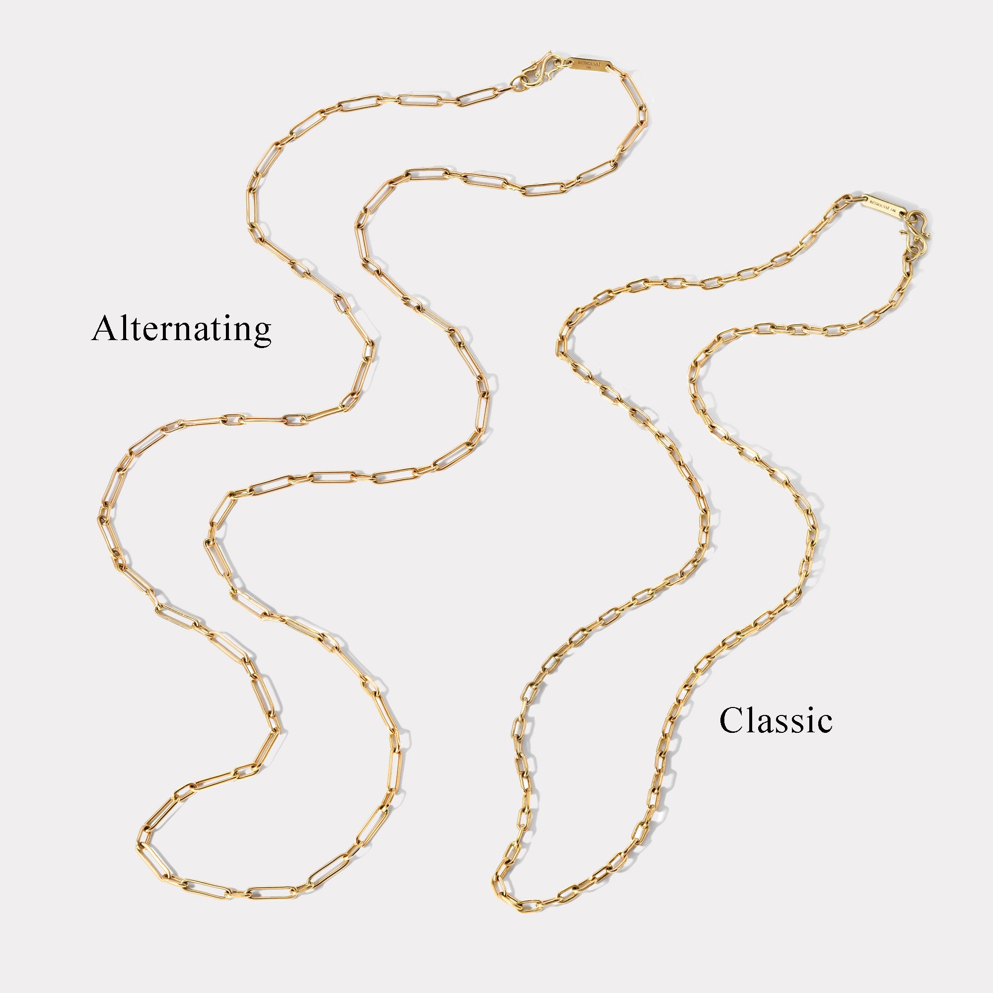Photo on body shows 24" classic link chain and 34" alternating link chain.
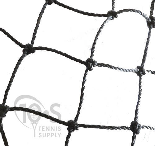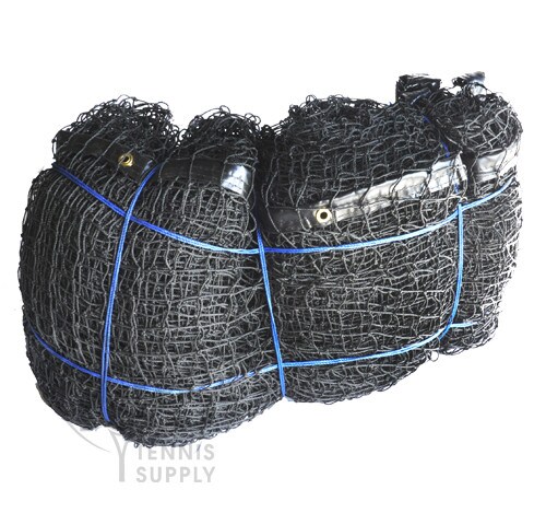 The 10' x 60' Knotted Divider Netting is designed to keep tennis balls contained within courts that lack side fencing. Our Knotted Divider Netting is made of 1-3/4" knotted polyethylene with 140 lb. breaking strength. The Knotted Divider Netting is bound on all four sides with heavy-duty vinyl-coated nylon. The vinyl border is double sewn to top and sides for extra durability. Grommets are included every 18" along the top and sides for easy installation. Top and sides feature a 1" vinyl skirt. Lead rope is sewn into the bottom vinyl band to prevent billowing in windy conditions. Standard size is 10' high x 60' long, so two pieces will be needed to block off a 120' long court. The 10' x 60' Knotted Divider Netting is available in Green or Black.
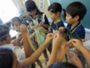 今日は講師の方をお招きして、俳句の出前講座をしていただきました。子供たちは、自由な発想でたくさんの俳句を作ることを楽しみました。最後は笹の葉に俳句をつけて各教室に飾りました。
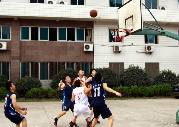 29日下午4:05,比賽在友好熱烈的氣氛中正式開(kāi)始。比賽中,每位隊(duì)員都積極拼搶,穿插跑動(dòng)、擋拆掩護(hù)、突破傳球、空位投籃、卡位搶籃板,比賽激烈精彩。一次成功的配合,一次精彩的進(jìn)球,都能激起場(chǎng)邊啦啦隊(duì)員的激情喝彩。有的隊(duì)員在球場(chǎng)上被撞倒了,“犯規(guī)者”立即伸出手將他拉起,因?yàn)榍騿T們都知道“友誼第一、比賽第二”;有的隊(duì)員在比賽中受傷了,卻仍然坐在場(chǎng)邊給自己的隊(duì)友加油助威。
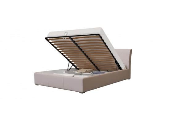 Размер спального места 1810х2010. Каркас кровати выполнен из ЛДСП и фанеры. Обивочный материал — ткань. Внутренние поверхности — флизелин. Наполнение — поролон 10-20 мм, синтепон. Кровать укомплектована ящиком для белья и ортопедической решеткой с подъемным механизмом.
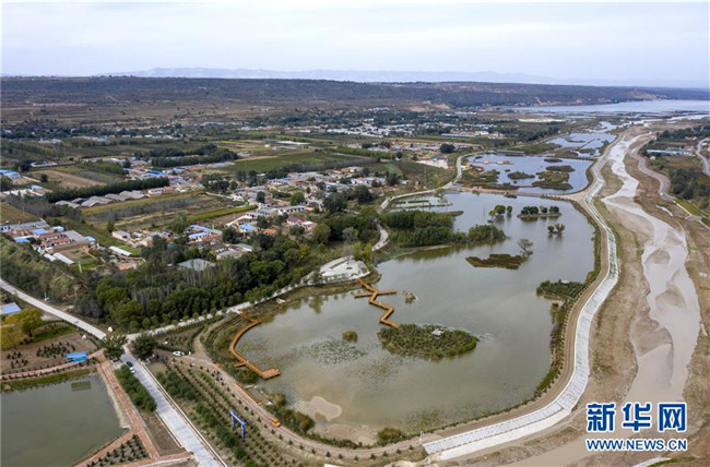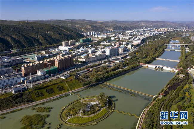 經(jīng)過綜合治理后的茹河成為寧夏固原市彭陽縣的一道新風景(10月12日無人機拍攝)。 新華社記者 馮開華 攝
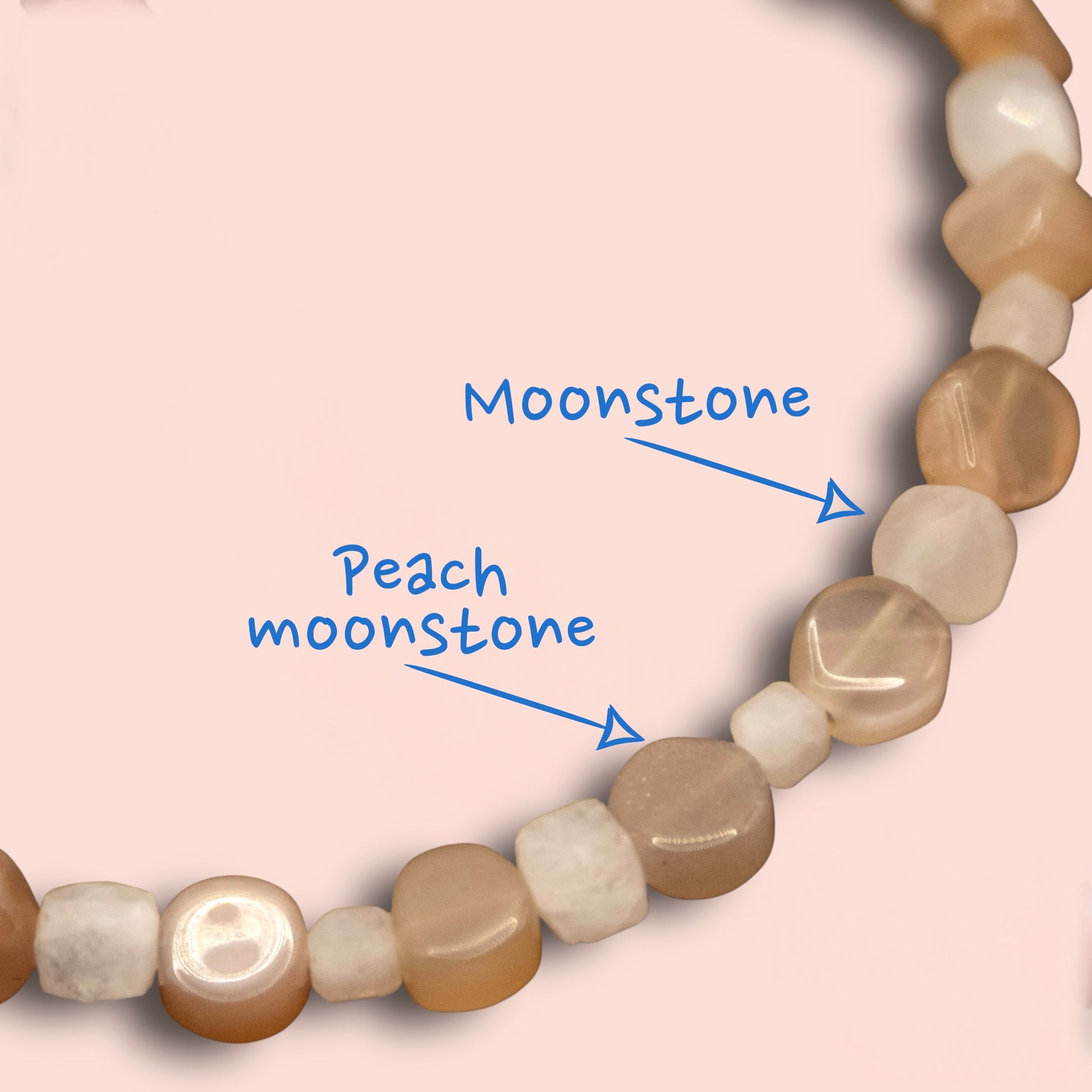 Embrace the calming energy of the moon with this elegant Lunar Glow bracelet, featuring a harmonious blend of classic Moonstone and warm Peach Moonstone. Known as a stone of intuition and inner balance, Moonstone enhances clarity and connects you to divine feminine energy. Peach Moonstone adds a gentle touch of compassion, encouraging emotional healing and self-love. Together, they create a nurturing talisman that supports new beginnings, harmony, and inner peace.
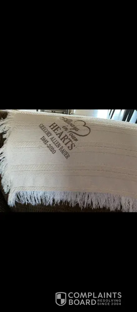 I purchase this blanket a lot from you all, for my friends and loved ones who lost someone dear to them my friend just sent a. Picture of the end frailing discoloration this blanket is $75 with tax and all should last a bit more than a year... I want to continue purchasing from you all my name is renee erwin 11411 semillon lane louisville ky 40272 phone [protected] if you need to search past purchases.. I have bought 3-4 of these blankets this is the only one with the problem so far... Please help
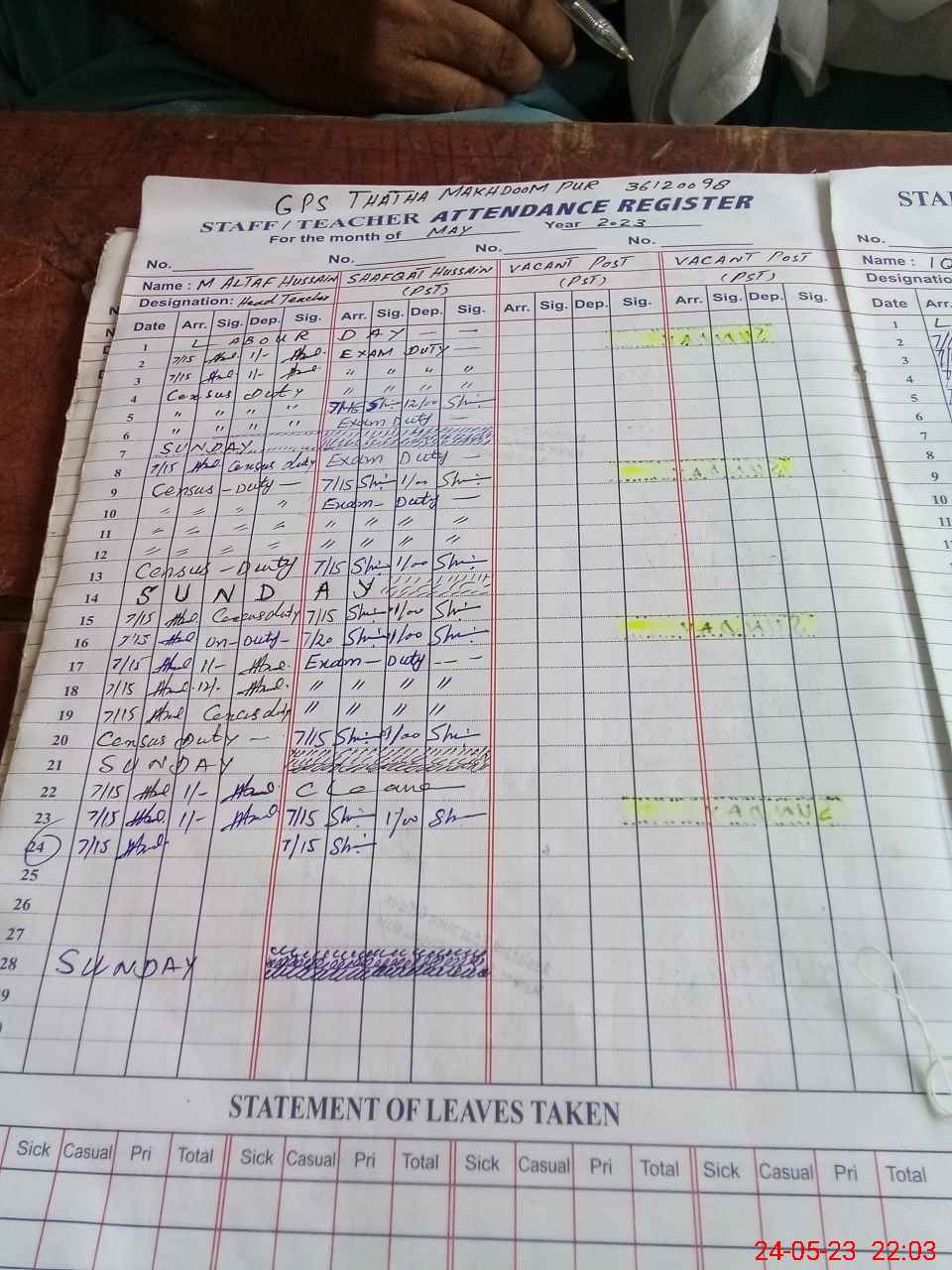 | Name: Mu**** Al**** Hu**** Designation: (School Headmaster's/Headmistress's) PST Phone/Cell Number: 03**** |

====================

**Problem to solve**
With the pictures omitted, copy exactly the lines of the listing above starting at the line containing "今日は講師の方をお招きして、" and ending at the line containing "經(jīng)過綜合治理后的茹河成為寧夏固原市彭陽縣的一道新風景(10月12日無人機拍攝)。 新華社記者 馮開華", both included.

**Answer**
 今日は講師の方をお招きして、俳句の出前講座をしていただきました。子供たちは、自由な発想でたくさんの俳句を作ることを楽しみました。最後は笹の葉に俳句をつけて各教室に飾りました。
 29日下午4:05,比賽在友好熱烈的氣氛中正式開(kāi)始。比賽中,每位隊(duì)員都積極拼搶,穿插跑動(dòng)、擋拆掩護(hù)、突破傳球、空位投籃、卡位搶籃板,比賽激烈精彩。一次成功的配合,一次精彩的進(jìn)球,都能激起場(chǎng)邊啦啦隊(duì)員的激情喝彩。有的隊(duì)員在球場(chǎng)上被撞倒了,“犯規(guī)者”立即伸出手將他拉起,因?yàn)榍騿T們都知道“友誼第一、比賽第二”;有的隊(duì)員在比賽中受傷了,卻仍然坐在場(chǎng)邊給自己的隊(duì)友加油助威。
 Размер спального места 1810х2010. Каркас кровати выполнен из ЛДСП и фанеры. Обивочный материал — ткань. Внутренние поверхности — флизелин. Наполнение — поролон 10-20 мм, синтепон. Кровать укомплектована ящиком для белья и ортопедической решеткой с подъемным механизмом.
 經(jīng)過綜合治理后的茹河成為寧夏固原市彭陽縣的一道新風景(10月12日無人機拍攝)。 新華社記者 馮開華 攝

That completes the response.